Ist das schon sexueller Missbrauch?
14.11.2008 um 14:12
Inzwischen wird zusehends mehr Kritik an dem effekthascherischen Buch laut:
Michael Schneider
Sind Deutschlands Jugendliche Sex-Monster?
Gang Bang im Kinderzimmer, SM-Pornos zum Frühstück, Schwangerschaft mit 13 - glaubt man einem Buch, das die Leiter des Hellersdorfer Jugendzentrums »Die Arche« vor wenigen Wochen veröffentlicht haben, geht es in deutschen Kinderzimmern wüster zu als in den härtesten Pornofilmen.
In »Deutschlands sexuelle Tragödie« prophezeien die Autoren Bernd Siggelkow und Wolfgang Büscher den sexuellen Super-GAU, wenn sich im Sexleben deutscher Jugendlicher nicht bald etwas ändert. Wir fragten den Sexualwissenschaftler Prof. Dr. Gunter Schmidt, wie es um die Jugendsexualität in Deutschland wirklich bestellt ist.
Herr Prof. Dr. Schmidt, die beiden Autoren des Buches »Deutschlands sexuelle Tragödie« zeichnen ein schwarzes Bild vom sexuellen Alltag vieler Jugendlicher. Ist die deutsche Jugend sexuell verwahrlost?
Sicherlich führen desolate und elende Familienverhältnisse von Jugendlichen manchmal auch zu »elenden« Erscheinungsformen ihrer Sexualität - zu Hilflosigkeit, Gleichgültigkeit, zu Brutalität oder Sexismus. Allerdings pauschalisieren Herr Siggelkow und Herr Büscher in fahrlässiger Weise. Denn die Lebensläufe, die in ihrem Buch beschrieben werden, sind extrem selten. Es gibt keinerlei empirische Beweise dafür, dass Jugendliche immer früher Sex haben, immer schlechter verhüten, und immer mehr Sexpartner haben. Im Gegenteil: das Alter beim ersten Geschlechtsverkehr hat sich in den letzten zehn Jahren kaum verändert, das Verhütungsverhalten der Jugendlichen hat sich seit den 1970er Jahren ständig verbessert und die Rate jugendlicher Schwangerschaften ist in Deutschland besonders niedrig. Jugendsexualität ist in Deutschland in einem guten Zustand. Wenn die Autoren von Verwahrlosung sprechen, ist das in erster Linie eine Metapher für ihre eigenen moralischen Werte...
...unter Verwahrlosung verstehen die Autoren »das beliebige Eingehen von körperlichen Beziehungen ohne seelische Nähe«. Sie setzen also voraus, dass Sex und Liebe untrennbar zusammengehören.
Diese Auffassung ist in unserem Kulturkreis besonders verbreitet und wird moralisch gefordert.
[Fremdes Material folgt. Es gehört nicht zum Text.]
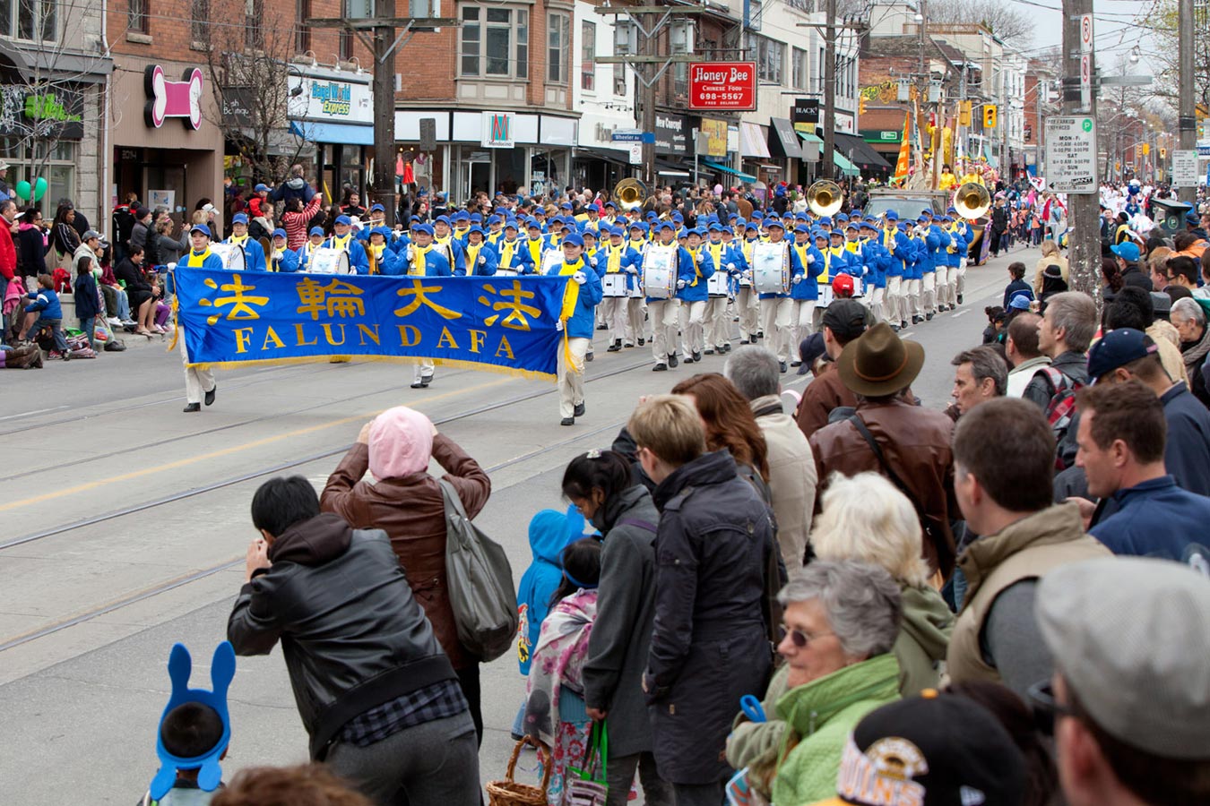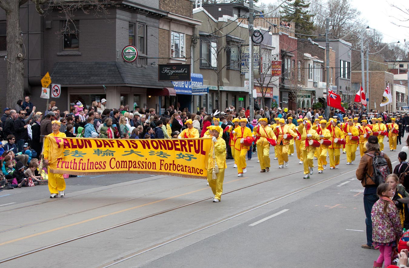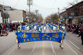 由八十多名法轮功学员组成的天国乐团以其明亮的服装、雄壮的音乐成为游行队伍中一道亮丽的风景线。天国乐团负责人江帆介绍:“自二零零八年开始,我们是第五年受主办方邀请参与复活节游行。”

Dadurch geraten jedoch bestimmte jugendkulturelle Veränderungen der Sexualität unter das Totschlag-Etikett der »Verwahrlosung«.
Zum Beispiel in einem Fall, den die Autoren so schildern: Ein 14-jähriger Jugendlicher hat nachmittags zu Hause seinen ersten Geschlechtsverkehr. Hinterher trinkt seine Mutter mit ihm und seiner Partnerin ein Bier.
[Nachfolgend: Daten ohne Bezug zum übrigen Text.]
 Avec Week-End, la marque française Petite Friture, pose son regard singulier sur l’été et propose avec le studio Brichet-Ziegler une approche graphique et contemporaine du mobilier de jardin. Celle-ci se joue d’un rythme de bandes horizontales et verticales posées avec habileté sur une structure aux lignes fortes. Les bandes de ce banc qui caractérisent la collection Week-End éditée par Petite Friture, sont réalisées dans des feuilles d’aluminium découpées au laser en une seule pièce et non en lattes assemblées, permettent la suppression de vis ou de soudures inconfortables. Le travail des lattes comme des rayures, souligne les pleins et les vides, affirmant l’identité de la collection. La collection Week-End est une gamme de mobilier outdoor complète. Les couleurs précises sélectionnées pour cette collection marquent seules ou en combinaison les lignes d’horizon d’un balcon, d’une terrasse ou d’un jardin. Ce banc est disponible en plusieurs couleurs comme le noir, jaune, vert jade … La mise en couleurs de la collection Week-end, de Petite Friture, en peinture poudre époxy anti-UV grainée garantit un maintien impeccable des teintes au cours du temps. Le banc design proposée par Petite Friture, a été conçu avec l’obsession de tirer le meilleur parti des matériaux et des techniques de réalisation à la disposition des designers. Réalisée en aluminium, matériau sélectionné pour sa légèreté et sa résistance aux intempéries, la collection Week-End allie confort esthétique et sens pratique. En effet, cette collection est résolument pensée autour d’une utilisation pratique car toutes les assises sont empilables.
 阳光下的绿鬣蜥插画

Ich frage mich, was daran verwahrlost sein soll? Ist doch eigentlich ganz nett. Man stelle sich einmal vor, die Heldin des Bestsellers »Feuchtgebiete« wäre im Jugendzentrum »Arche« aufgetaucht. Wahrscheinlich wäre ihre Geschichte als ein besonders eklatanter Fall von Verwahrlosung ins Buch aufgenommen worden - und die Jungen und Mädchen, die »Feuchtgebiete« lesen, gleich mit. Der nichtkonventionelle und vor allem radikal selbstbestimmte Umgang mit Körper und Sex fasziniert offenbar viele Jugendliche, zumindest in Gedanken.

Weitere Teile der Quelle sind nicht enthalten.